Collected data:
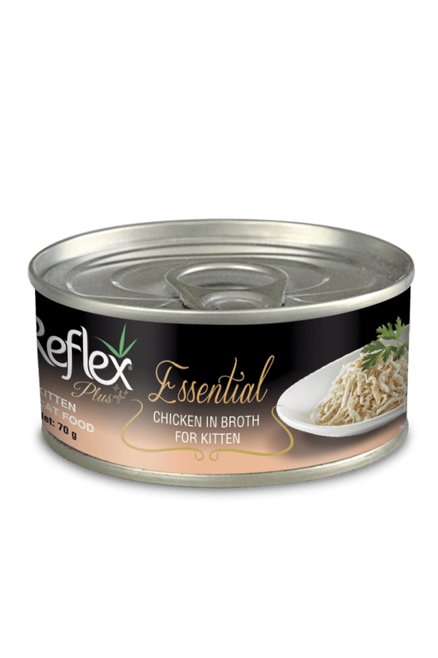 Влажный корм для кошек Консервированный корм для котят Reflex Plus Essential с курицей в бульоне 70гр
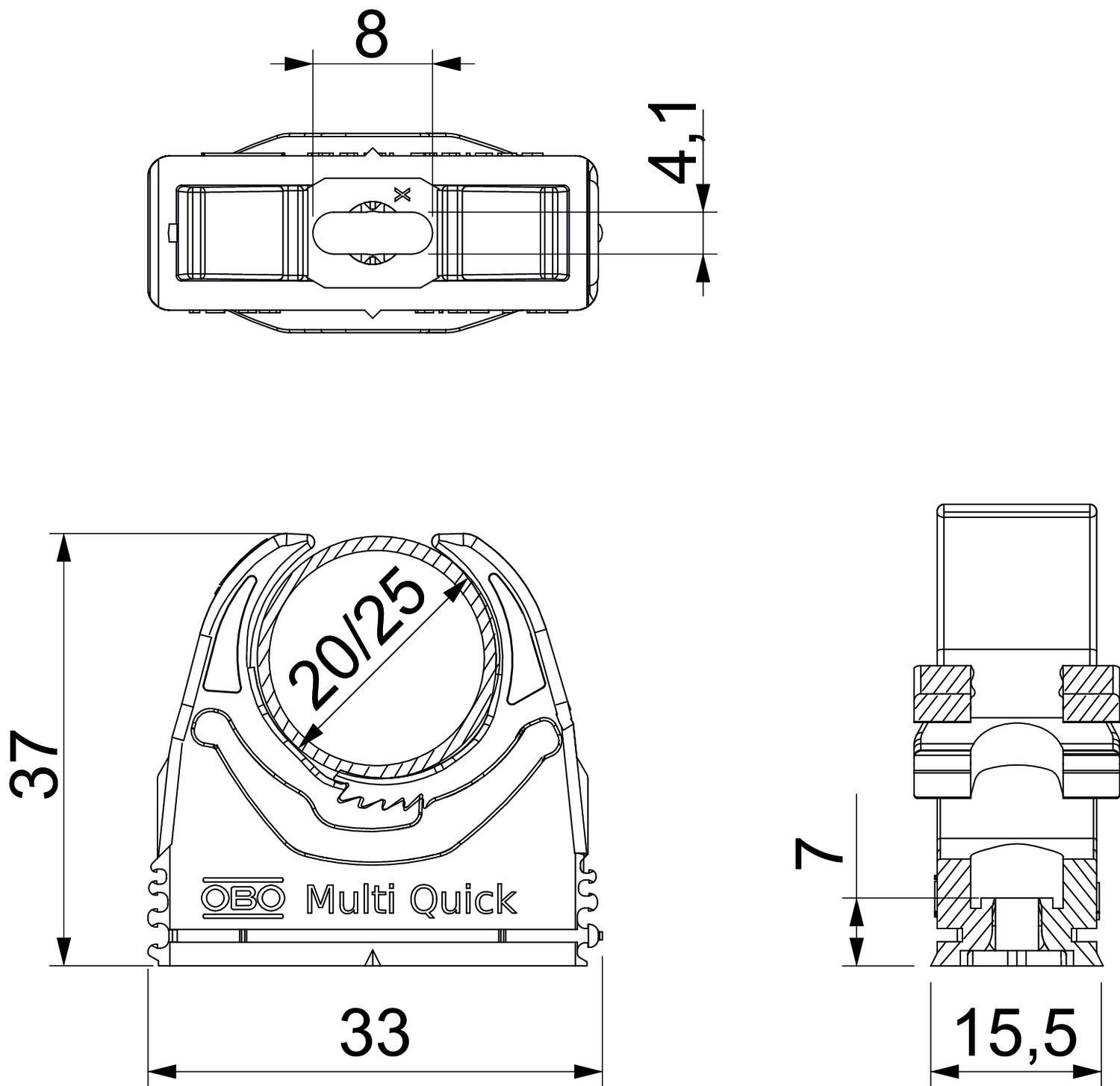 Product descriptionFlush-mounted clip to accept metric pipes and Quick-Pipe® electrical installation pipes. Flexible clamping range of several millimetres. Universal fastening options on walls and ceilings, both indoors and outdoors. Toolless pipe mounting. Can also be arranged with OBO Quick or proQuick clip.
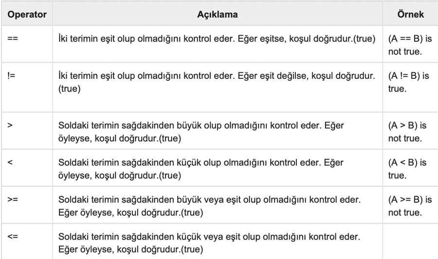 Karşılaştırma Operatörleri
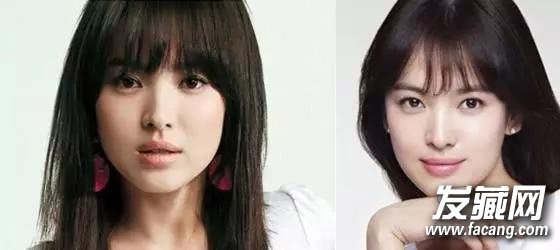 看乔妹的齐刘海,乍一看差不多,其实右边一款更减龄一些呢,感觉更显灵气,没有左边那种土气的厚重感。
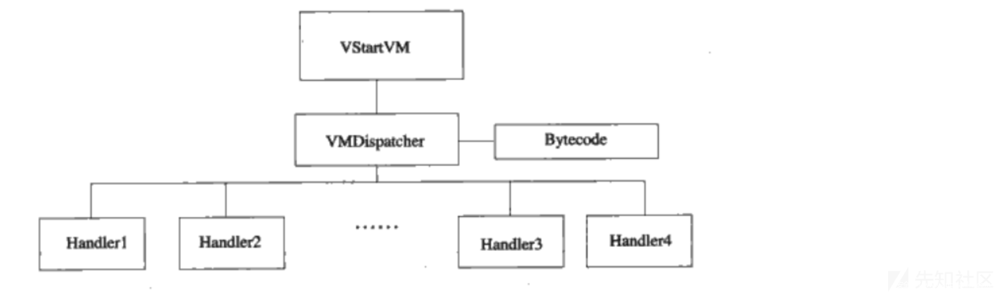 所谓虚拟机保护技术,是指将代码翻译为机器和人都无法识别的一串伪代码字节流;在具体执行时再对这些伪代码进行一一翻译解释,逐步还原为原始代码并执行。这段用于翻译伪代码并负责具体执行的子程序就叫作虚拟机VM(好似一个抽象的CPU)。它以一个函数的形式存在,函数的参数就是字节码的内存地址。
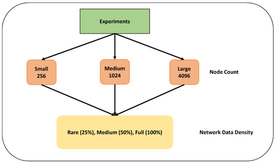 This simulation aimed to run the data collection experiments on a field of km km. As Figure 3 shows, there are two parameters to simulate experiments: sensory device count and data density. That way, varying numbers of sensory devices, 256, 1024 and 4096, were randomly distributed throughout the network. This allowed us to observe and evaluate the route planning approach behaviour, scalability and performance if the node count changes.
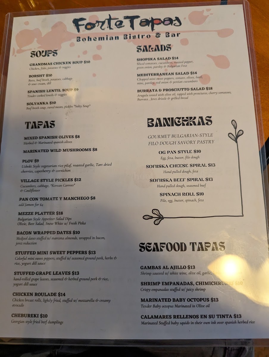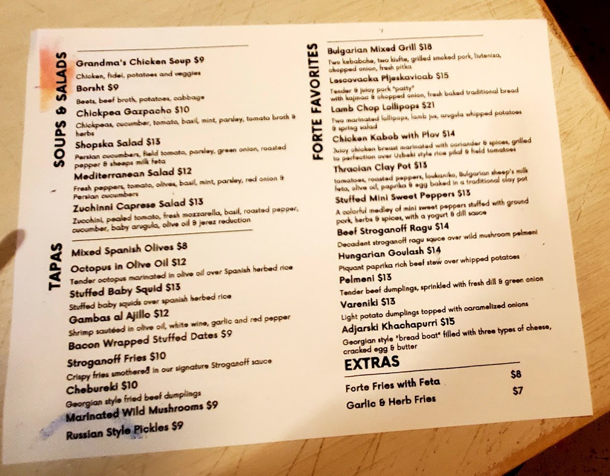 Welcome to Forte Tapas, a culinary gem nestled in Las Vegas, where European flavors beautifully collide. Their menu offers a vibrant array of dishes, combining Mediterranean freshness with Eastern European charm. Start your journey with a refreshing Mediterranean Salad or a hearty Borscht, featuring the perfect blend of beets and tender vegetables. For sides, indulge in Kebabche or Whipped Potatoes that complement any entrée wonderfully.
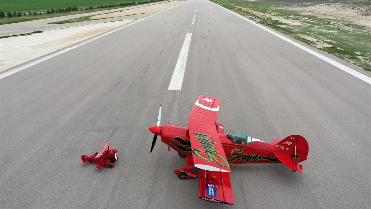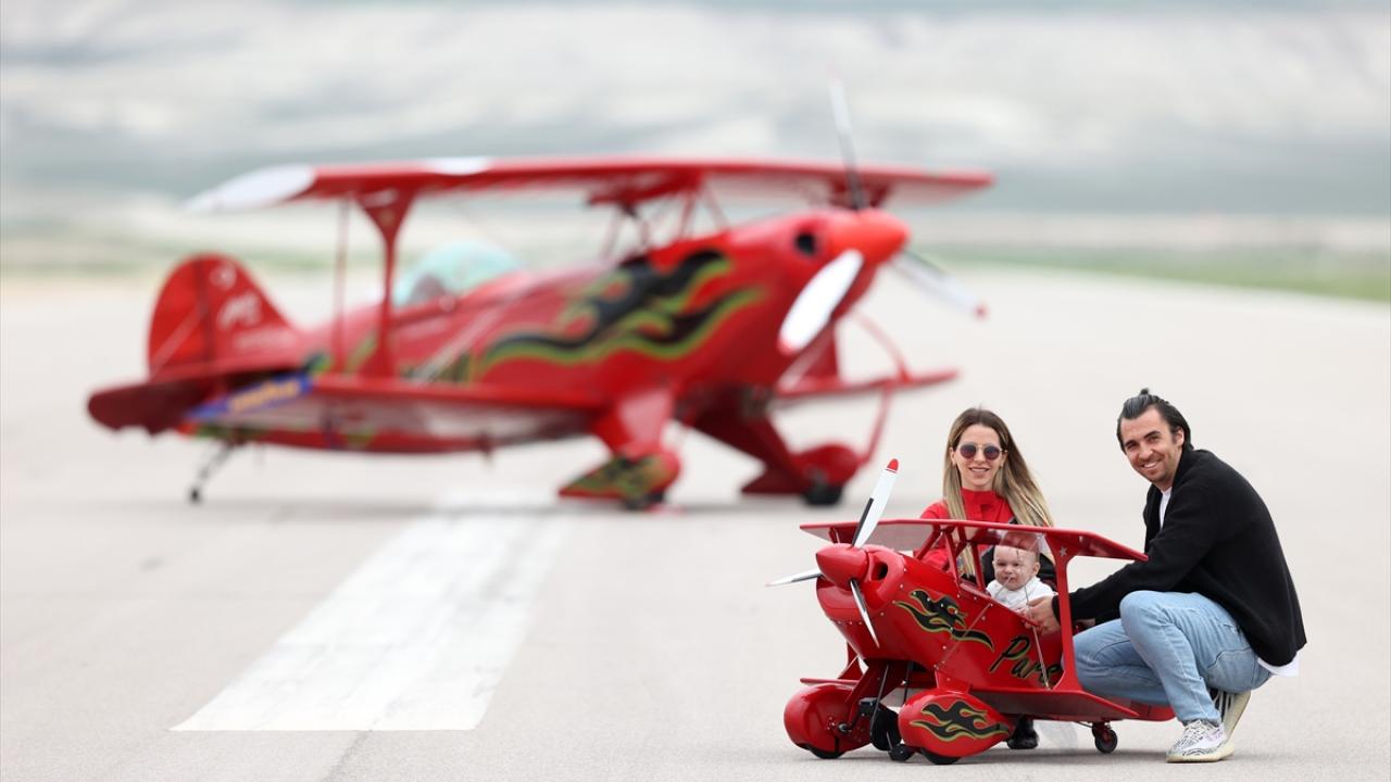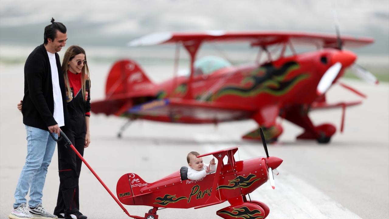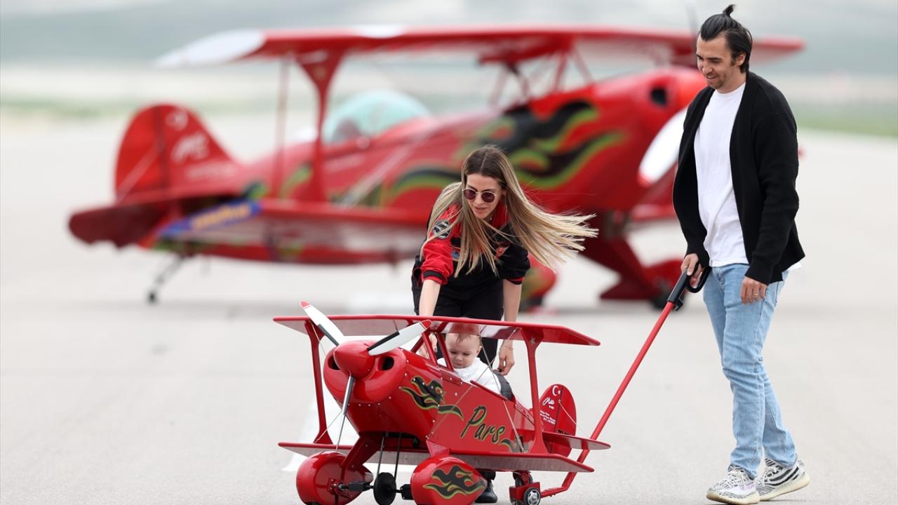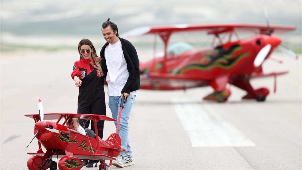 Uçuş öncesinde Pars ile ilgilenen Semin Öztürk Şener, daha sonra oğlunu babasına teslim edip, uçağıyla akrobasi antrenmanı yapıyor.
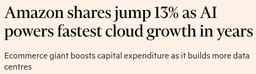 Then came the finance team to ice the cake. Amazon’s CFO announced they’re pumping 2025 capital spending to $125 billion (up from $118B)... and flippantly tossed in that 2026 will be even higher. For context, that’s more than Meta, Google, and Microsoft combined are throwing at AI infrastructure as if to say to every other Mag 7, “you’re not that guy pal.”
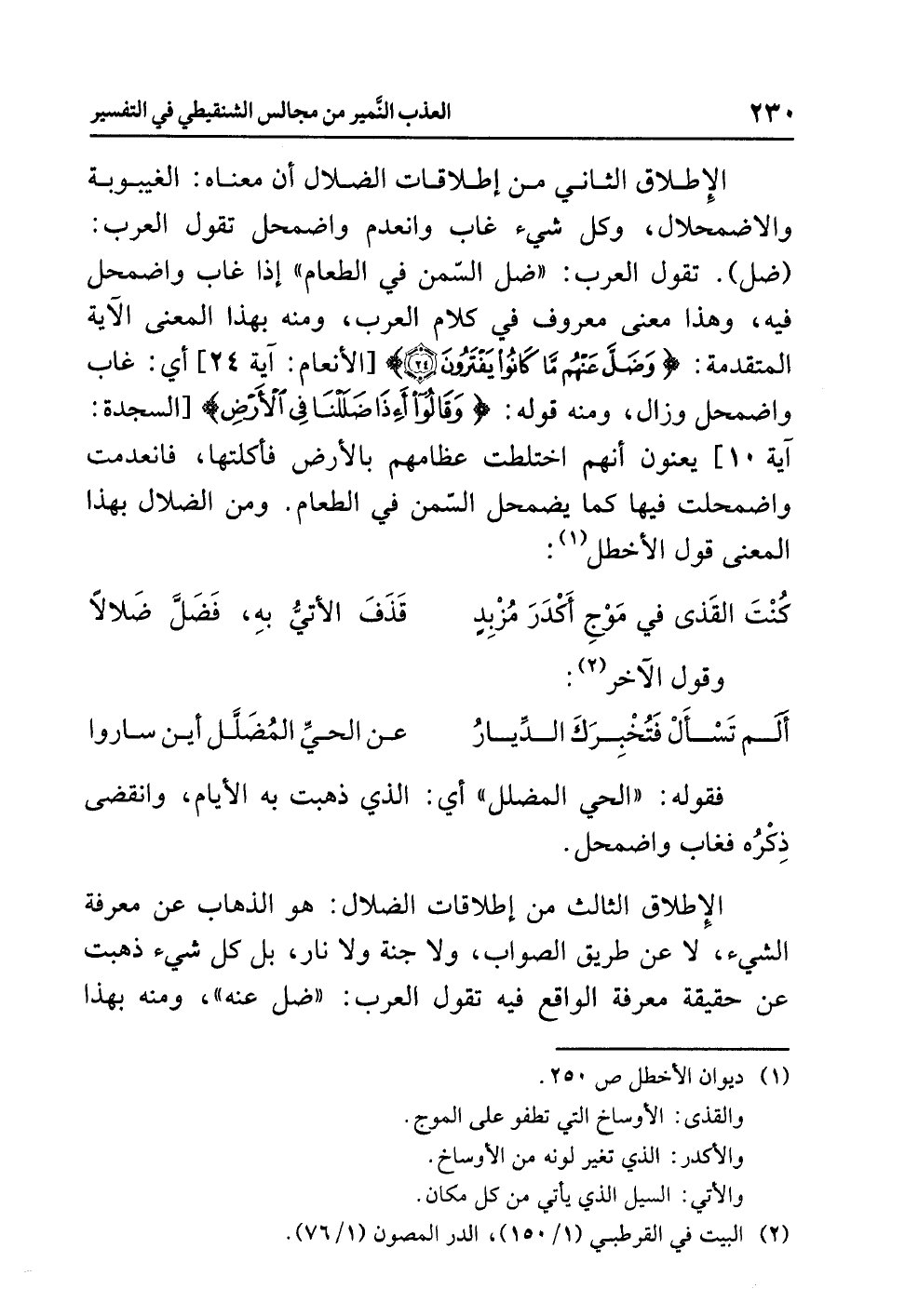 الإطلاقُ الثاني من إطلاقاتِ الضلالِ أن معناه: الغيبوبةُ والاضمحلالُ، وكلُّ شيءٍ غابَ وانعدمَ واضمحلَّ تقولُ العربُ: (ضل). تقول العربُ: «ضَلَّ السَّمْنُ فِي الطعامِ» إذا غابَ واضمحلَّ فيه، وهذا معنًى معروفٌ في كلامِ العربِ، ومنه بهذا المعنى الآيةُ المتقدمةُ: {وَضَلَّ عَنْهُم مَّا كَانُوا يَفْتَرُونَ} [الأنعام: آية 24] أي: غَابَ وَاضْمَحَلَّ وَزَالَ، ومنه قولُه: {وَقَالُوا أَئِذَا ضَلَلْنَا فِي الْأَرْضِ} [السجدة: آية 10] يَعْنُونَ أنهم اخْتَلَطَتْ عظامُهم بالأرضِ فَأَكَلَتْهَا فَانْعَدَمَتْ وَاضْمَحَلَّتْ فيها كما يضمحلُ السَّمْنُ في الطعامِ. ومن الضلالِ بهذا المعنى قولُ الأَخْطَلِ (¬1):
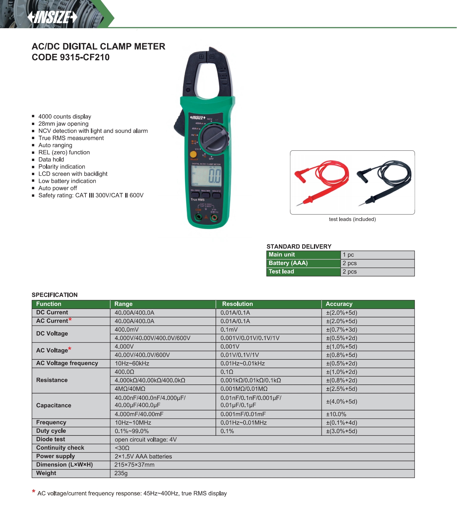Safety rating: CAT III 300V/CAT II 600V
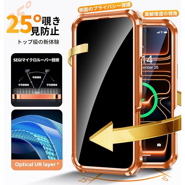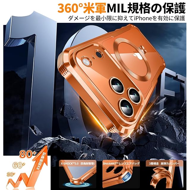 商品名:【多機能隠しスタンド・マグセーフ対応・覗き見防止】WTAIYUN iPhone 17 用 ケース 全面保護 CDリング 縦横両対応 ワイヤレス充電対応 米軍MIL規格 耐衝撃 高感度タッチ 両面 いphone17 カバー ストラップホール付き メッキバンパー PC背面 透明 黄変防止 アイフォン17 ケース 6.3イン チ (オレンジ)
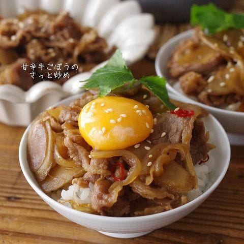ご飯がよく進むおかずの定番牛肉の甘辛煮です。おのずとオンザライスで牛ごぼう丼として食べてしまうレシピですよね。
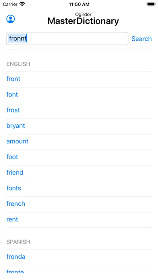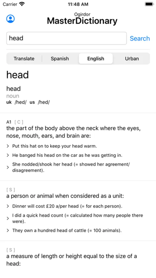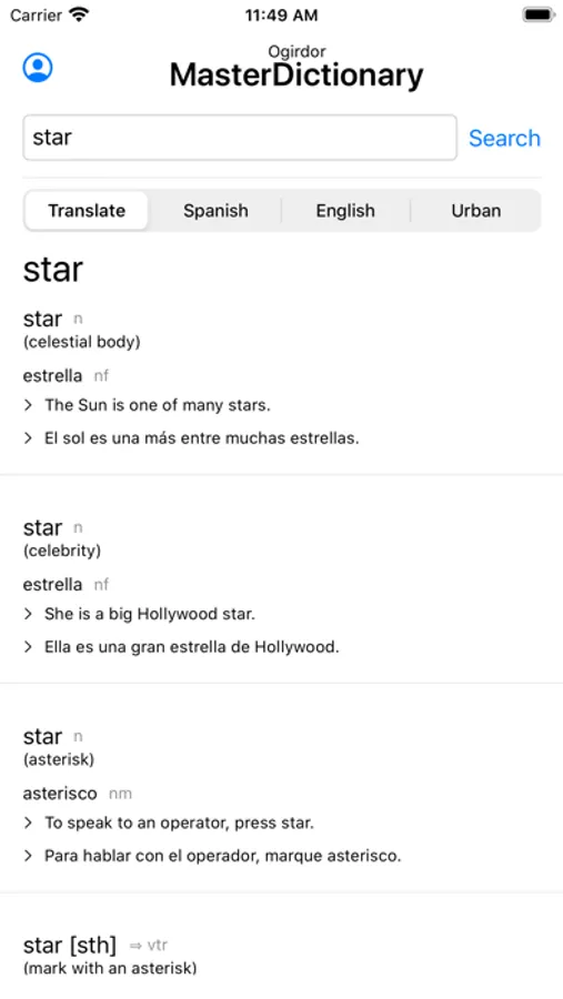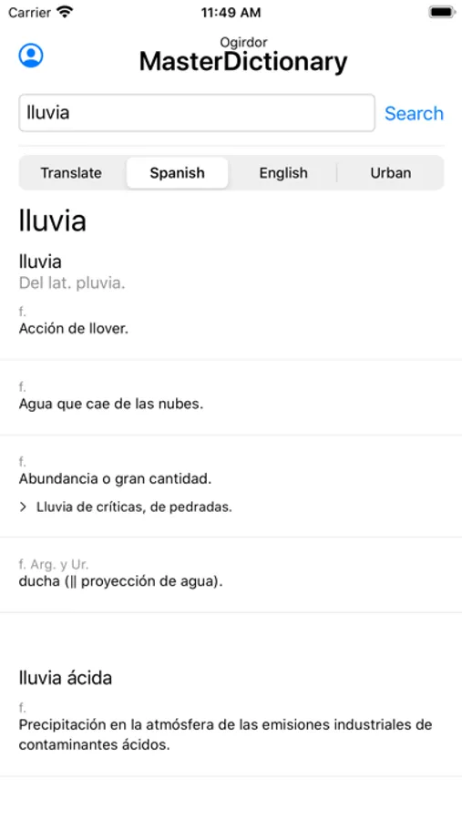 Ogirdor MasterDictionary is very simple to use. Just search for a word in Spanish or English and you will be shown between 1 and 4 pages of results. The first, with the corresponding translations. The second, with all the academic definitions for that word in Spanish. The third, with all the academic definitions for that word in English. And the fourth, with some alternative definitions from English urban language.

What needs to be done:
Set down each entry above word for word, without its pictures.

Solution to this exercise:
 Влажный корм для кошек Консервированный корм для котят Reflex Plus Essential с курицей в бульоне 70гр
 Product descriptionFlush-mounted clip to accept metric pipes and Quick-Pipe® electrical installation pipes. Flexible clamping range of several millimetres. Universal fastening options on walls and ceilings, both indoors and outdoors. Toolless pipe mounting. Can also be arranged with OBO Quick or proQuick clip.
 Karşılaştırma Operatörleri
 看乔妹的齐刘海,乍一看差不多,其实右边一款更减龄一些呢,感觉更显灵气,没有左边那种土气的厚重感。
 所谓虚拟机保护技术,是指将代码翻译为机器和人都无法识别的一串伪代码字节流;在具体执行时再对这些伪代码进行一一翻译解释,逐步还原为原始代码并执行。这段用于翻译伪代码并负责具体执行的子程序就叫作虚拟机VM(好似一个抽象的CPU)。它以一个函数的形式存在,函数的参数就是字节码的内存地址。
 This simulation aimed to run the data collection experiments on a field of km km. As Figure 3 shows, there are two parameters to simulate experiments: sensory device count and data density. That way, varying numbers of sensory devices, 256, 1024 and 4096, were randomly distributed throughout the network. This allowed us to observe and evaluate the route planning approach behaviour, scalability and performance if the node count changes.
 Welcome to Forte Tapas, a culinary gem nestled in Las Vegas, where European flavors beautifully collide. Their menu offers a vibrant array of dishes, combining Mediterranean freshness with Eastern European charm. Start your journey with a refreshing Mediterranean Salad or a hearty Borscht, featuring the perfect blend of beets and tender vegetables. For sides, indulge in Kebabche or Whipped Potatoes that complement any entrée wonderfully.
 Uçuş öncesinde Pars ile ilgilenen Semin Öztürk Şener, daha sonra oğlunu babasına teslim edip, uçağıyla akrobasi antrenmanı yapıyor.
 Then came the finance team to ice the cake. Amazon’s CFO announced they’re pumping 2025 capital spending to $125 billion (up from $118B)... and flippantly tossed in that 2026 will be even higher. For context, that’s more than Meta, Google, and Microsoft combined are throwing at AI infrastructure as if to say to every other Mag 7, “you’re not that guy pal.”
 الإطلاقُ الثاني من إطلاقاتِ الضلالِ أن معناه: الغيبوبةُ والاضمحلالُ، وكلُّ شيءٍ غابَ وانعدمَ واضمحلَّ تقولُ العربُ: (ضل). تقول العربُ: «ضَلَّ السَّمْنُ فِي الطعامِ» إذا غابَ واضمحلَّ فيه، وهذا معنًى معروفٌ في كلامِ العربِ، ومنه بهذا المعنى الآيةُ المتقدمةُ: {وَضَلَّ عَنْهُم مَّا كَانُوا يَفْتَرُونَ} [الأنعام: آية 24] أي: غَابَ وَاضْمَحَلَّ وَزَالَ، ومنه قولُه: {وَقَالُوا أَئِذَا ضَلَلْنَا فِي الْأَرْضِ} [السجدة: آية 10] يَعْنُونَ أنهم اخْتَلَطَتْ عظامُهم بالأرضِ فَأَكَلَتْهَا فَانْعَدَمَتْ وَاضْمَحَلَّتْ فيها كما يضمحلُ السَّمْنُ في الطعامِ. ومن الضلالِ بهذا المعنى قولُ الأَخْطَلِ (¬1):
Safety rating: CAT III 300V/CAT II 600V
 商品名:【多機能隠しスタンド・マグセーフ対応・覗き見防止】WTAIYUN iPhone 17 用 ケース 全面保護 CDリング 縦横両対応 ワイヤレス充電対応 米軍MIL規格 耐衝撃 高感度タッチ 両面 いphone17 カバー ストラップホール付き メッキバンパー PC背面 透明 黄変防止 アイフォン17 ケース 6.3イン チ (オレンジ)
ご飯がよく進むおかずの定番牛肉の甘辛煮です。おのずとオンザライスで牛ごぼう丼として食べてしまうレシピですよね。
 Ogirdor MasterDictionary is very simple to use. Just search for a word in Spanish or English and you will be shown between 1 and 4 pages of results. The first, with the corresponding translations. The second, with all the academic definitions for that word in Spanish. The third, with all the academic definitions for that word in English. And the fourth, with some alternative definitions from English urban language.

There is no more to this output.